In the emerging world, Brazil’s government has faced multiple corruption scandals. And Russia’s leadership remains committed to its disruptive regional adventures, regardless of their devastating impact on its economy.
In most, if not all, of these cases, we see examples of a broader phenomenon: what might be called governing by inertia – a «can’t, won’t, and shouldn’t» mentality, to paraphrase the economist Mark Blyth, that blocks effective policymaking.
As policy inertia prolongs sluggish growth and impairs job creation, it becomes even more difficult to abandon. Given how hard it is for governments to initiate a shift to a new policymaking mode (that is, to disrupt themselves), pressure will build from the outside. In a democracy, this tends to occur through the fragmentation of traditional parties and the emergence of non-traditional parties – some offering genuine alternatives, and others relying on fear and prejudice.

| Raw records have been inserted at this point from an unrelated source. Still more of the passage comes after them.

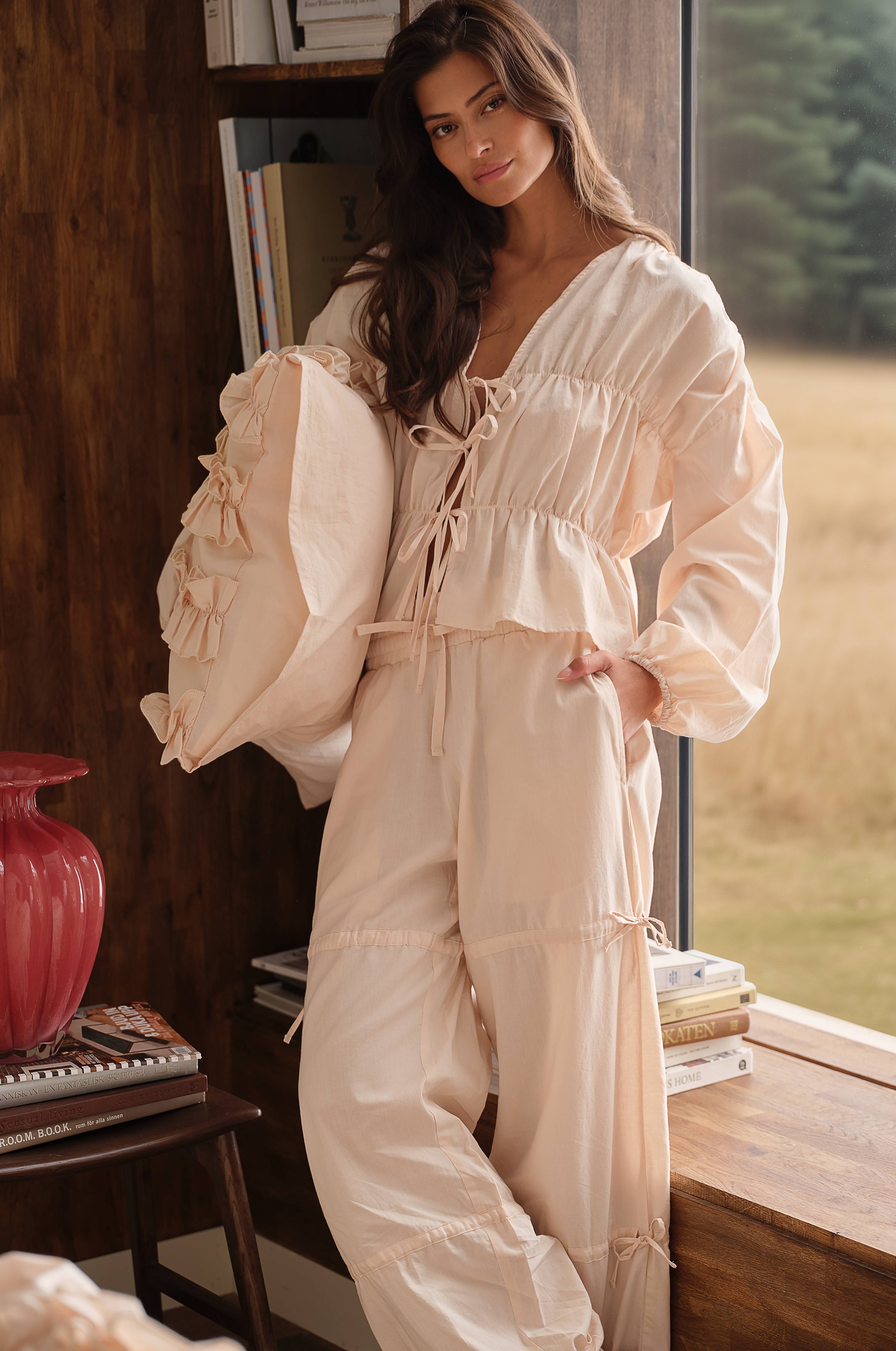 • Pyjamasbyxor i bomull med avslappnad passform• Resårmidja med dragsko och volangkant upptill• Sidfickor• Två dragskor på varje ben• Resår i bensluten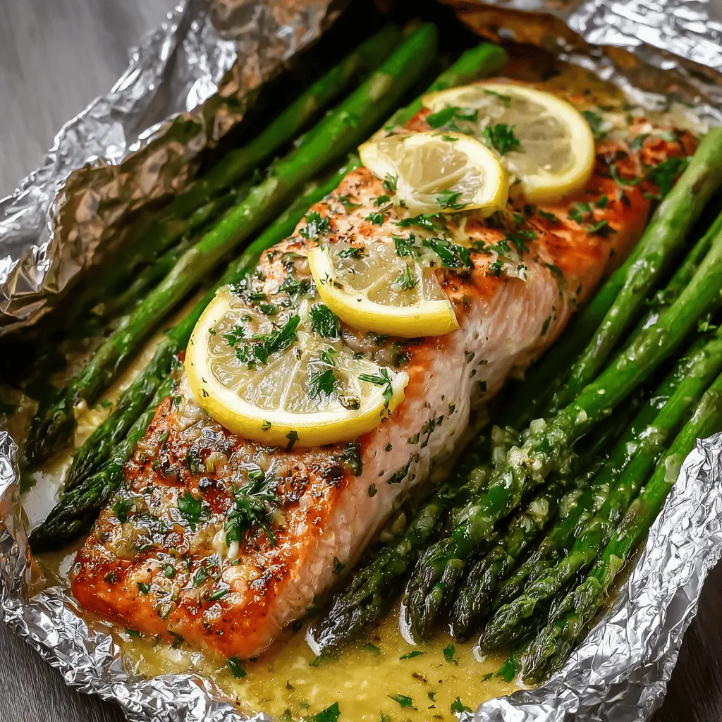 Imagine tender salmon infused with zesty lemon and aromatic garlic, paired beautifully with crisp asparagus—what's not to love? The foil locks in moisture, ensuring your salmon remains juicy and flavorful. Don’t hesitate to experiment by adding your favorite vegetables or swapping in turkey bacon for extra taste.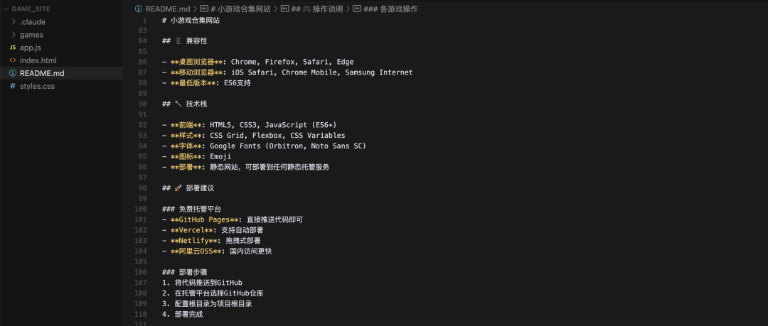 在文件操作方面,Cursor 也幫知危在本地生成了相應的 HTML、CSS、JavaScript 文件,一個不落下,後續想玩只需要本地打開 index.html 文件即可。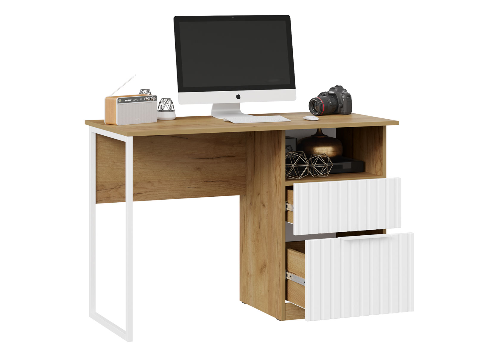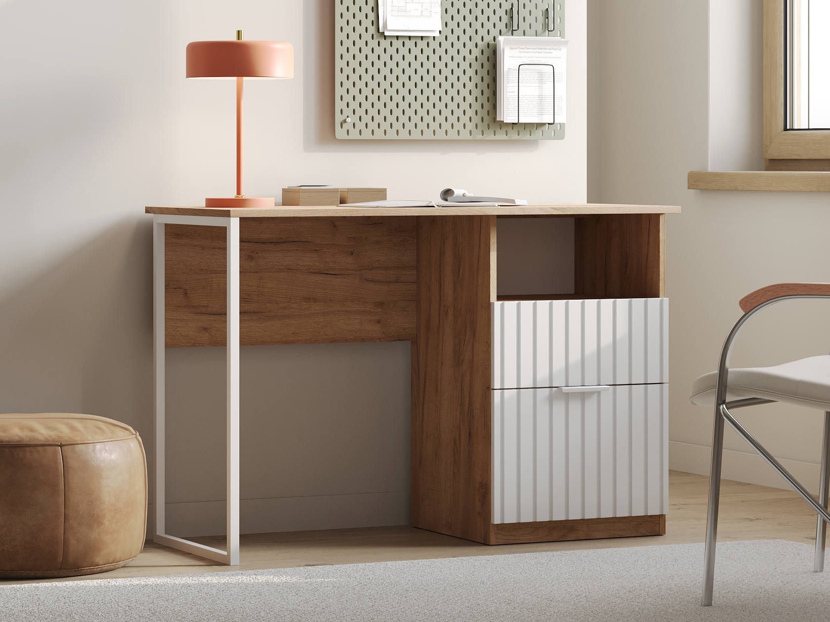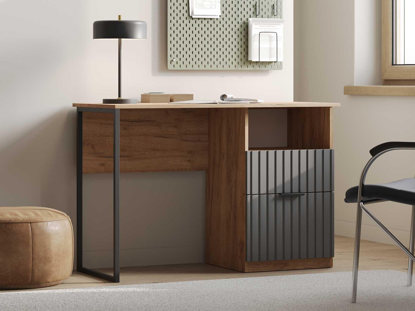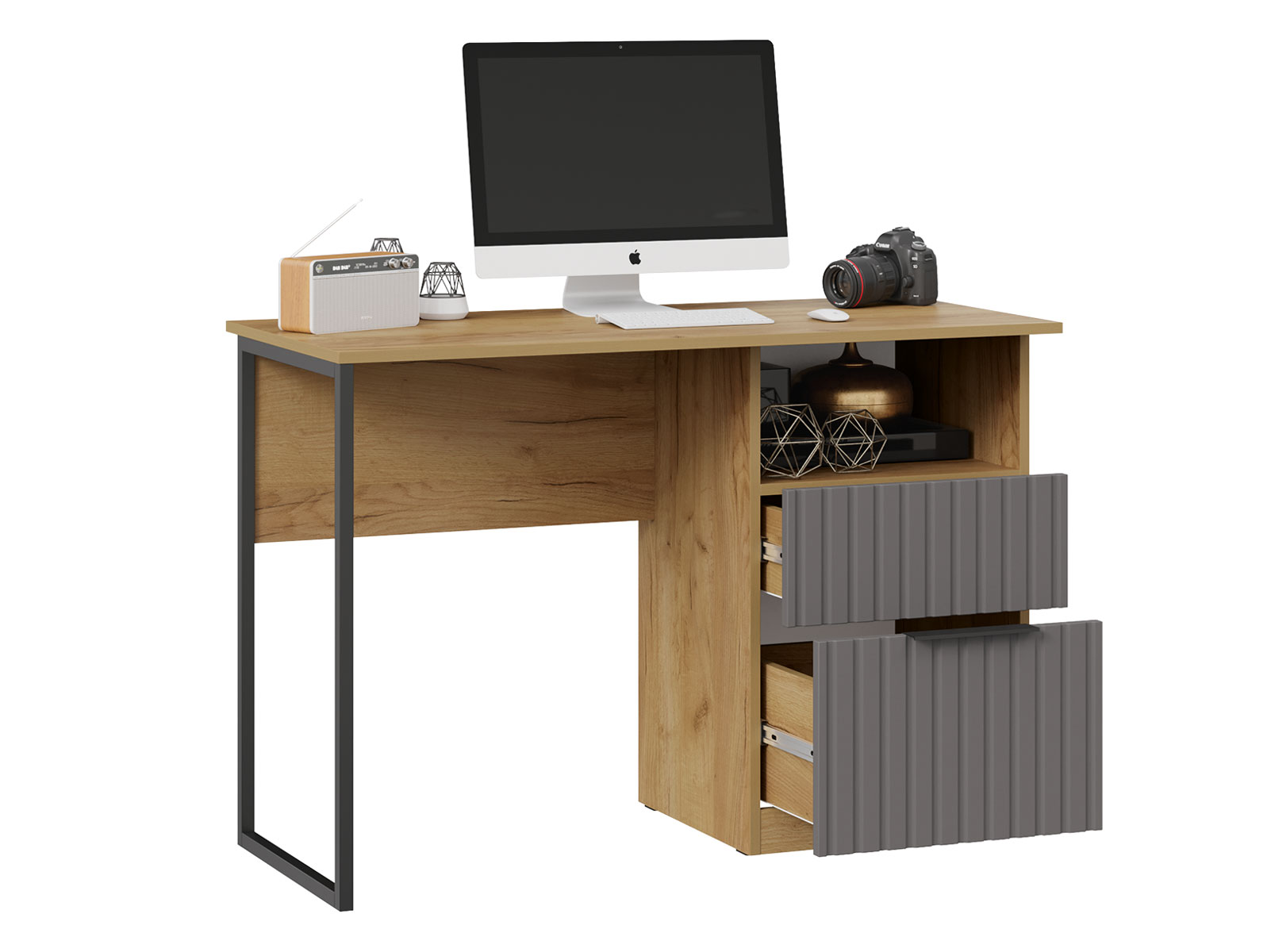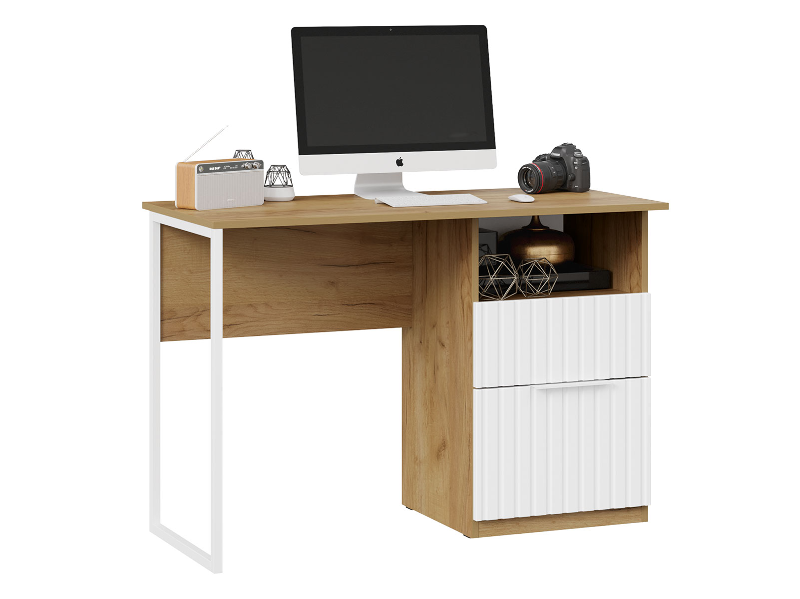 Письменный стол Хилтон привлекает внимание оригинальным сочетанием оттенков и продуманным оснащением. Выдвижные ящики и открытая ниша над ними организуют удобную систему хранения. Просторная поверхность с легкостью разместит всё необходимое для работы или учебы.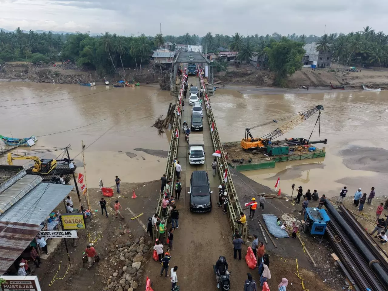 Adapun progres pembangunan jembatan Bailey di Aceh yakni Jembatan Teupin Mane, Teupin Reudeup, Jeumpa atau Cot Bada, Matang Bangka, dan Kutablang, Kabupaten Bireuen kini rampung seratus persen.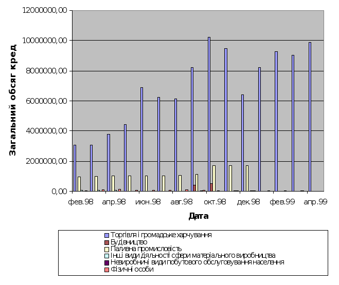 Хоча аналіз кредитної діяльності комерційних банків свідчить про поліпшення якості їхнього кредитного портфеля у 1997 році – незважаючи на зростання абсолютних показників, питома вага прострочених кредитів у загальній сумі наданих зменшилася до 8.7% (на 01.01 1997 р була 10.4%). (15, с.5). Але така тенденція швидко змінилася на протилежну.

The global economy is at a critical juncture. Most economists agree on what is needed to avoid another round of lost growth opportunities, inadequate employment, financial instability, and worsening inequality.
Central banks and markets cannot achieve an orderly global rebalancing on their own. As difficult as it may be, politicians need to pursue comprehensive policy responses. The longer they delay, the less effective their efforts will be. As bad politics block economic opportunity, public trust in governments will continue to erode – with serious potential consequences for political systems, and the economies they administer, worldwide.